Não é novidade nenhuma o
desinteresse (ou o desleixo, ou a preterição) dos governos federal, estadual e
municipal frente a cultura. Como diz a prefeita de Torres: se a crise é no país
ou no estado, a crise também é no município. Ou seja, problemas globais são
problemas locais. E parece que a preterição a cultura segue a mesma linha de
raciocínio. Sempre haverá prioridades à cultura.
Não vou entrar no terreno
pantanoso da política partidária, vou apenas falar sobre cultura e sua
importância para a sociedade no âmbito global e local. Poderia escrever sobre a
cultura e seu poder de mudar uma sociedade, de preservar esta sociedade ou de
projetá-la no futuro. Mas vou escrever sobre um livro que virou filme e que servirá
de metáfora para esta coluna.
O livro é “O doador de memórias”.
Segundo sua sinopse, a autora Lois Lowry constrói um mundo aparentemente ideal
onde não existem dor, desigualdade, guerra nem qualquer tipo de conflito. Por
outro lado, também não há amor, desejo ou alegria genuína. Os habitantes de uma
pequena comunidade, satisfeitos com a vida ordenada, pacata e estável que
levam, conhecem apenas o presente – o passado e todas as lembranças do antigo
mundo lhes foram apagados da mente. Um único indivíduo é encarregado de ser o
guardião dessas memórias, com o objetivo de proteger o povo do sofrimento e, ao
mesmo tempo, ter a sabedoria necessária para orientar os dirigentes da
sociedade em momentos difíceis. Aos 12 anos, idade em que toda criança é
designada à profissão que irá seguir, Jonas recebe a honra de se tornar o
próximo guardião. Ele é avisado de que precisará passar por um treinamento
difícil, que exigirá coragem, disciplina e muita força, mas não faz ideia de
que seu mundo nunca mais será o mesmo. Orientado pelo velho Doador, Jonas
descobre pouco a pouco o universo extraordinário que lhe fora roubado. Como uma
névoa que vai se dissipando, a terrível realidade por trás daquela utopia
começa a se revelar. Assim como Jonas, o resto da população deste mundo “ideal”

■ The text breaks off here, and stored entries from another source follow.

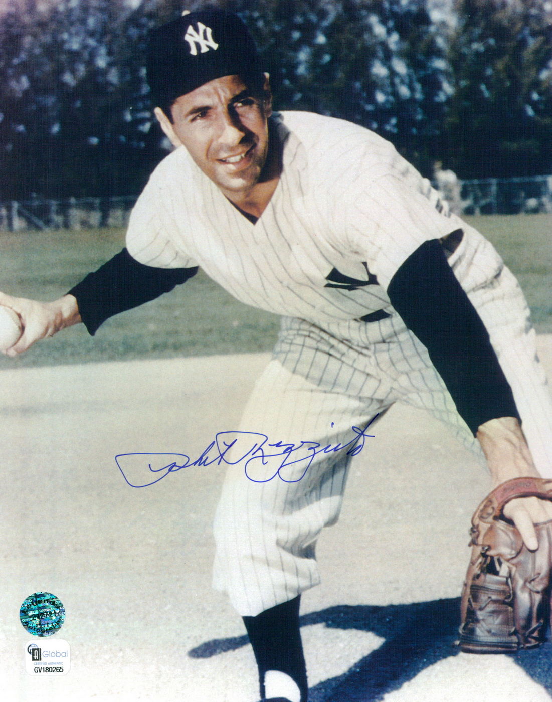 Photo measures 8" x 10" in size and has been hand-signed in blue felt-tip pen by Phil Rizzuto (D. 2007, Yankees HOF). The autograph includes an Legends Autograph hologram and matching COA for authenticity purposes.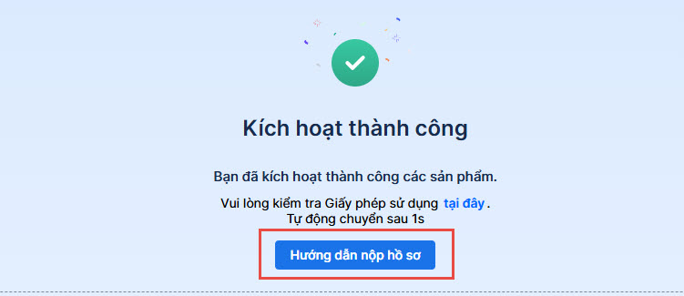 - Kích hoạt thành công, anh/chị vui lòng nộp hồ sơ để bắt đầu sử dụng.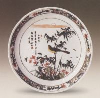 说 明: 此盘装饰上突出用黑彩,红、黄、绿、紫作点缀,构图舒展,笔法率意,色彩绚丽,诗与画相配,相得益彰.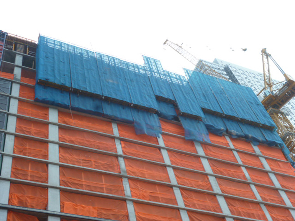 Para garantizar un espacio de trabajo seguro, se ha cubierto el perímetro del edificio con la protección autotrepante HWS. Son paneles que envuelven la planta en ejecución y tres plantas inferiores y que se elevan de manera hidráulica, a medida que se crece en altura.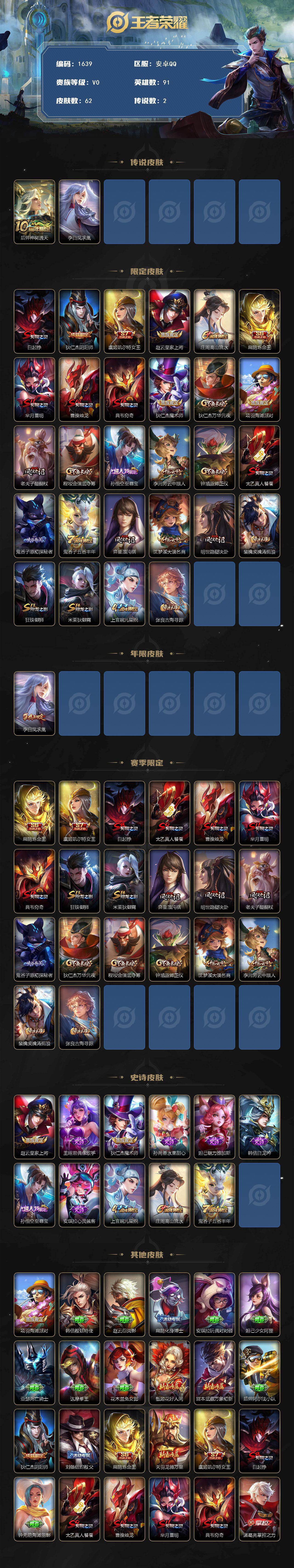 [16440514]【1639】安卓Q-V0-秩序白银I段位-91英雄-62皮肤-2传说-11史诗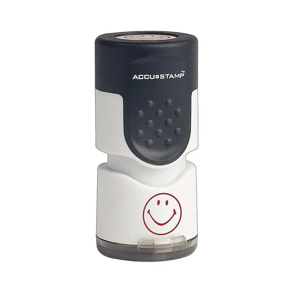 Liven up graded homework, memos, reports, and notes with this 0.6-inch stamp. This Accu-Stamp pre-inked smiley face stamp includes a protective plastic cap to keep the ink pad moist and ready for every impression.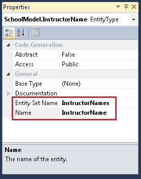 Klicken Sie unter SchoolModel (nicht SchoolModel.Store) mit der rechten Maustaste auf "vInstructorName ", und wählen Sie "Eigenschaften" aus. Ändern Sie im Eigenschaftenfenster die Name-Eigenschaft in "InstructorName", und ändern Sie die Eigenschaft "Entity Set Name " in "InstructorNames".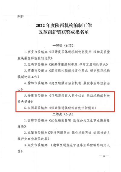日前,2022年度陜西省機(jī)構(gòu)編制工作改革創(chuàng)新獎評選結(jié)果揭曉,入選全省機(jī)構(gòu)編制系統(tǒng)20項獲獎成果中,我市3項改革創(chuàng)新成果斬獲一等獎2名、二等獎1名,獲獎等次和數(shù)量位居全省第一。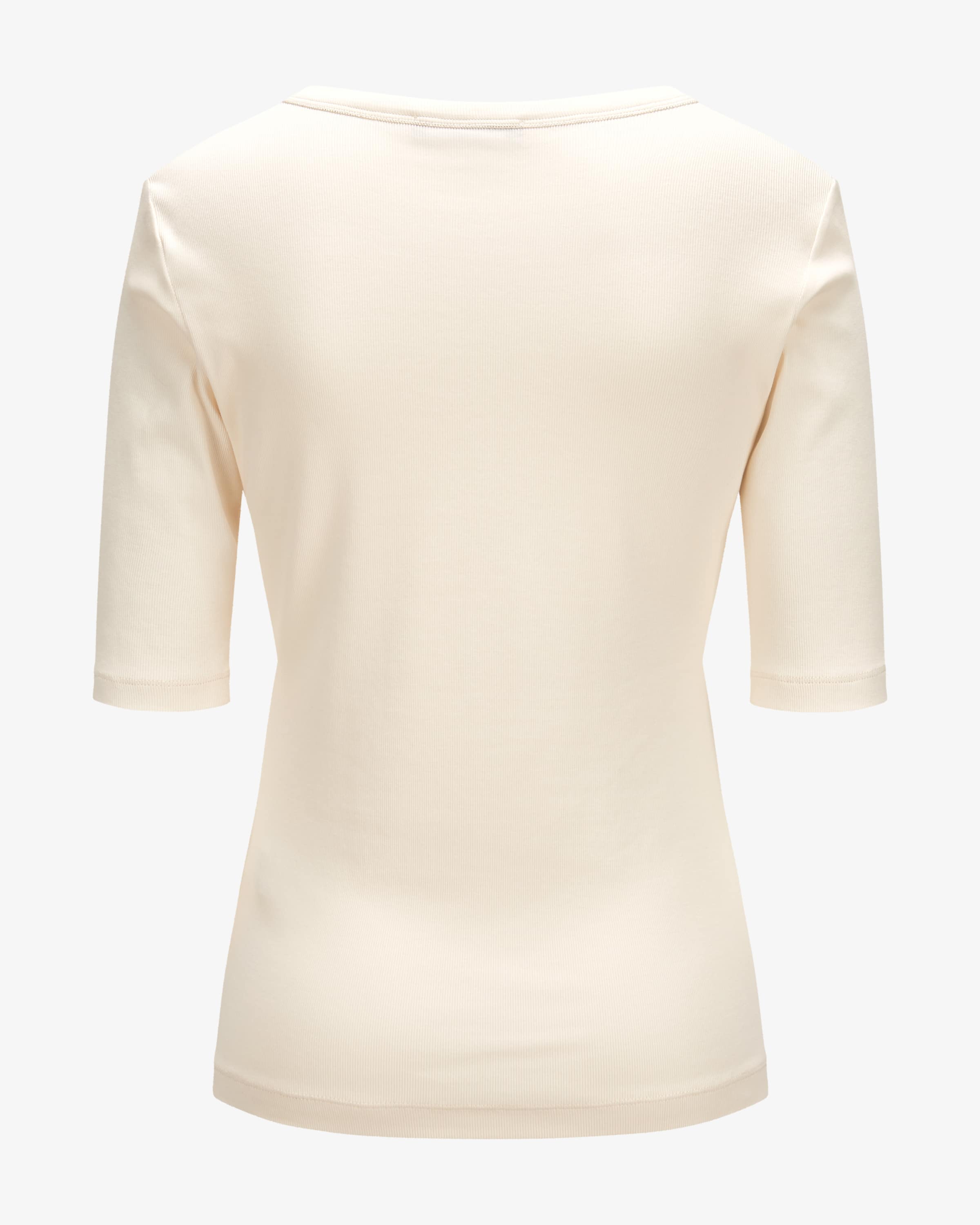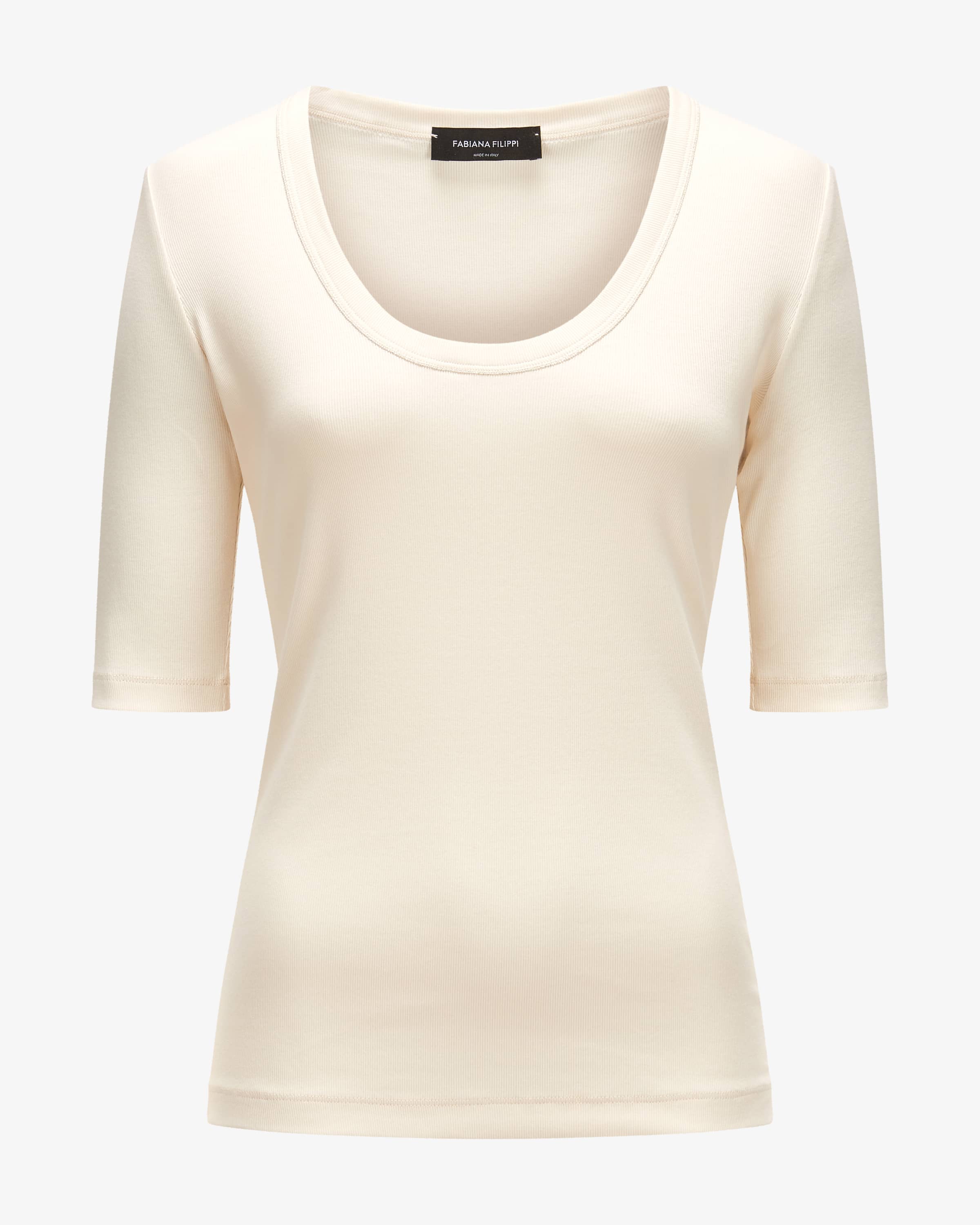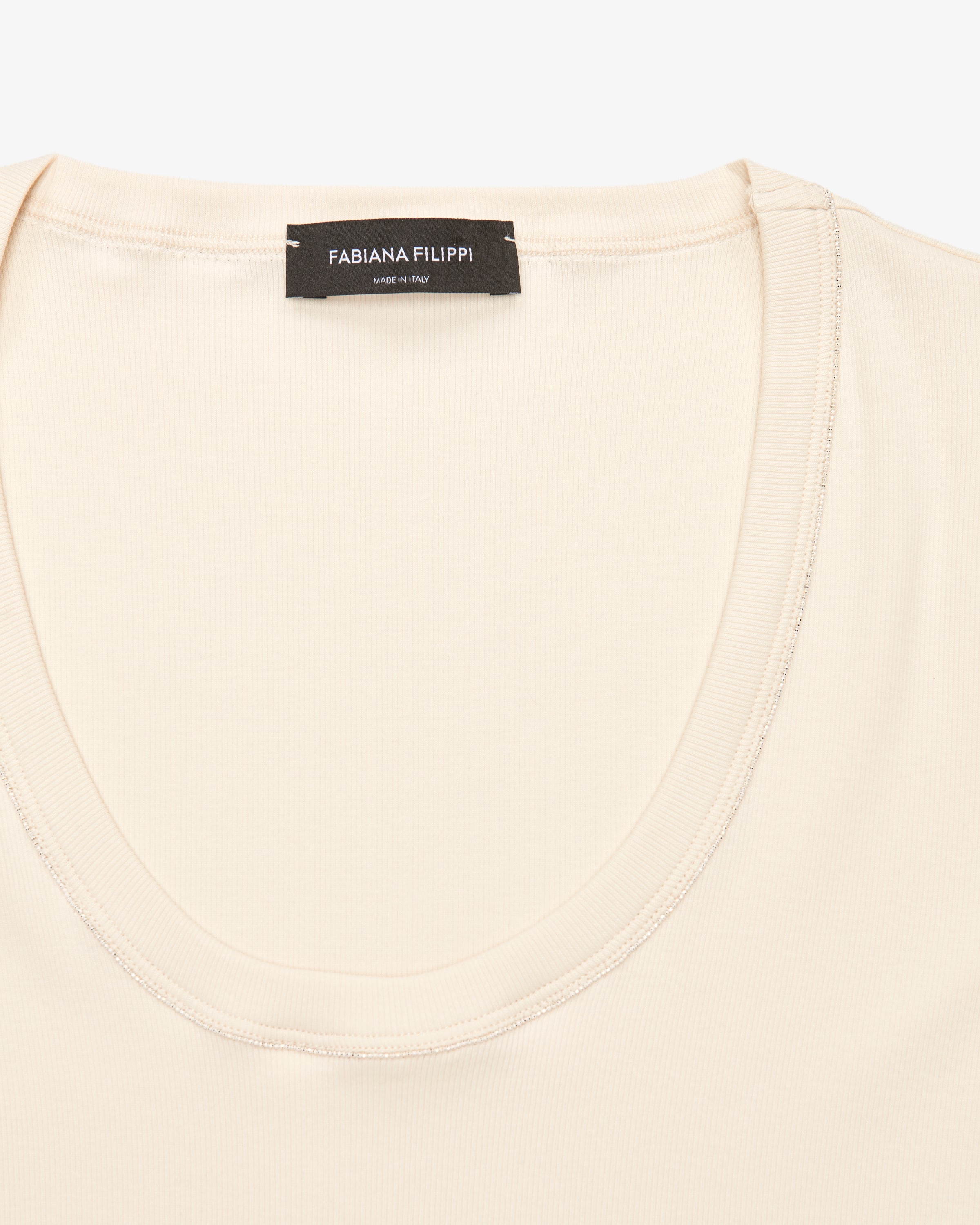 T-Shirt für Damen von Fabiana Filippi in Creme. Das Modell aus elastischer Baumwoll-Verarbeitung begeistert in modischer Rippstrick-Qualität und wird durch die changierende Ketten-Applikation gekonnt vollendet.

desconhece muitas coisas consideradas não relevantes pelos anciãos que comandam
as comunidades (e muitos destes anciãos também não as conhecem). Não vou contar
o desfecho do livro (ou do filme) porque vale a pena ler o livro (ou ver o
filme). Quero com este exemplo fazer um paralelo com a nossa realidade
cultural.
Poderia citar diversos exemplos para
ilustrar o escasso interesse dos governos a respeito da cultura no Brasil ou no
estado, mas vou apenas lembrar dos casarios açorianos da Júlio de Castilhos, dos
cinemas antigos da cidade, dos CTG´s, das bandas, dos grupos de teatro, dos
grupos de danças, dos escritores, dos poetas e de tantos outros agentes
culturais da nossa cidade que sumiram ou silenciaram com o tempo. Falta de
apoio, falta de incentivo, falta de público, falta de “cultura”, falta de
memória ou tudo isso junto. Não sei, perdemos. Várias referências sumiram com o
tempo, outras surgiram, é verdade, mas com pouco incentivo cada um procura
salvar o seu “mercado cultural” do jeito que puder.
Será que nossos governantes
(anciãos do livro) nos dão pouco acesso à cultura por desconhecer a sua importância,
por preterição ou por simplesmente ignorar sua existência? E a população
(comunidades) não têm acesso a cultura porque não sente falta do que não sabe
que existe? Ou seja, se desconhece sua existência, não sente falta.
Precisamos de um Jonas que liberte
a memória da cultura esquecida no passado ou nem lembrada e mostre com clareza
o seu poder transformador. Um Jonas que liberte a cultura em forma de teatro,
pintura, livros, danças, tradições regionais, poesias, aprisionadas no fundo de
uma memória burocrática e populista que teima em mantê-la longe dos cidadãos.
Enquanto isso não acontece, você
que é ligado a área, é agente ou produtor cultural, ou simplesmente aprecia a
cultura junte-se ao movimento cultural da cidade através do Conselho Municipal
de Cultura e ajude alguns “Jonas” nesta prazerosa, porém difícil tarefa.
Em tempo: Em Torres existem Doadores
de cultura (fruto do primeiro Edital do FUMCULTURA) prestando seu
trabalho em troca de sorriso, satisfação e conhecimento a serem reproduzidos infinitamente.